On Tuesday, the Board of Control for Cricket in India (BCCI) decided to “postpone” the season with immediate effect. It is not certain whether the 31 remaining matches will be played in another window. The move came after multiple players across teams tested Covid positive.

A tournament which is valued at thousands of crores, a season that was expected to fetch many more crores in sponsorship and broadcasting revenue is now faced with the pivotal question: what does the suspension mean for advertisers and TV viewership? It is undoubtedly a setback for an industry which is already battling the impact of Covid2019. But experts believe it was the right call to postpone the IPL and prioritise health and safety over monetary interests.

“Given the prevailing pandemic situation, I think it is the right decision to postpone IPL for now. The health and safety of all the players and everyone involved is paramount and keeping in mind the situation and the prevailing mood of the nation, in my view it is the right decision,” Dentsu APAC CEO & India chairman Ashish Bhasin said.

The breach in the bio bubbles is just one factor for calling off the league, noted business strategist & ex- PepsiCo, Motorola & HP APAC marketing head Lloyd Mathias, who held the view that it is simply insensitive to continue with the IPL due to the magnitude of the Covid crisis in India.

“I think brands and businesses should welcome this move in the larger interests of society and their consumers. Yes, there could be some financial impact, but this is insignificant when compared to the devastation all around. There are times when businesses need to set aside their commercial objectives – in the larger interest of society, and this is one such moment,” he commented.

Pulp Strategy founder & MD Ambika Sharma claimed that everyone from sponsors, broadcasters, to the BCCI will have to bear huge losses, but the current environment is least conducive to host matches. “The high stakes of IPL should have been looked into when we see players falling to Covid infections. The infection can have multiple manifestations on the health of the players which can lead to serious lifelong illness.
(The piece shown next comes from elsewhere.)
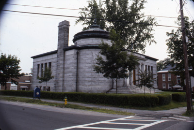 The noble façade of the Farmington Public Library in Farmington, Maine, stands against a gray sky.

A mutually agreeable formula by key stakeholders can be adopted transparently to arrive at a decision when the medical experts are warning us about the Covid peak,” she added.

Significant revenue impact for the IPL ecosystem

There is no denying that the IPL will suffer a significant downturn in revenue for the current season with loss of sponsorship and broadcasting revenues for the BCCI, said Duff & Phelps managing director & valuation advisory head- APAC Varun Gupta. The league was already coping with loss of revenues from ticket sales and in-stadia F&B, besides the loss of revenue last year due to Vivo pulling out for the 2020 season, he mentioned. The teams, too, will have to face reduced revenue from the central pool and loss of team sponsorship revenues.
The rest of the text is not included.